Autoresearch is 630 lines of Python. It gives an AI agent a training script, a single GPU, and a five-minute wall-clock budget. The agent reads the code, forms a hypothesis, modifies the training script, runs the experiment, checks the metric, and decides whether to keep or discard the change. Then it does it again. Twelve times an hour. A hundred times while you sleep.

That is not a productivity hack. That is a phase transition in how research works.

The loop

The mechanics are deliberately simple. Three files: prepare.py for data, train.py for the model, and program.md for instructions. The agent is only allowed to modify train.py. The metric is validation bits per byte — vocabulary-size-independent, lower is better, directly comparable across every experiment regardless of architectural changes.

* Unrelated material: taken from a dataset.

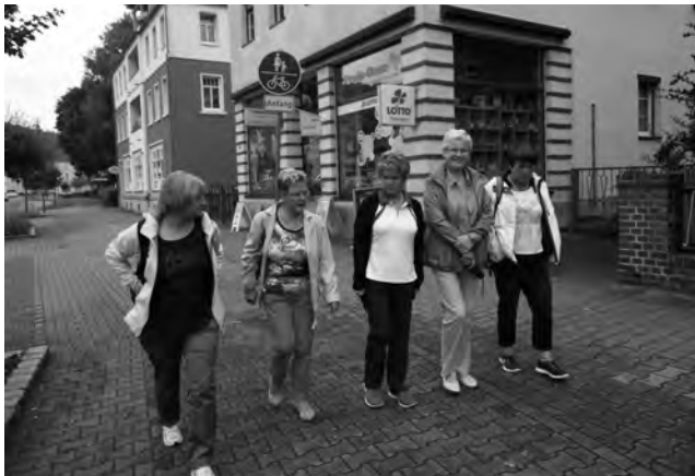
Besuch aus Walldorf – Rundgang durch Berga

Two design decisions deserve attention.

First, the fixed five-minute budget. It does not matter whether the agent changes a learning rate or restructures the attention mechanism — every experiment gets exactly the same compute. This makes results directly comparable without a human normalising anything. Good experimental design, enforced by a timer.

Second, git as memory. The agent creates a branch, commits every modification, and resets to the last good state when an experiment fails. No vector database. No external knowledge store. The commit history is the experiment log. This is not a limitation — it is a strength. Every experiment is reproducible, diffable, and auditable by default.

In traditional research, half the labour goes into making experiments comparable. Autoresearch gets that for free.

A critical distinction: this is not hyperparameter tuning. The agent does not search a predefined grid of values. It modifies source code arbitrarily — restructuring functions, changing algorithms, deleting dead code, fixing bugs. As Karpathy noted: “Agents can modify code arbitrarily, the notion of a ‘hyperparameter’ dissolves.” This is closer to hiring a tireless junior researcher than to running a grid search.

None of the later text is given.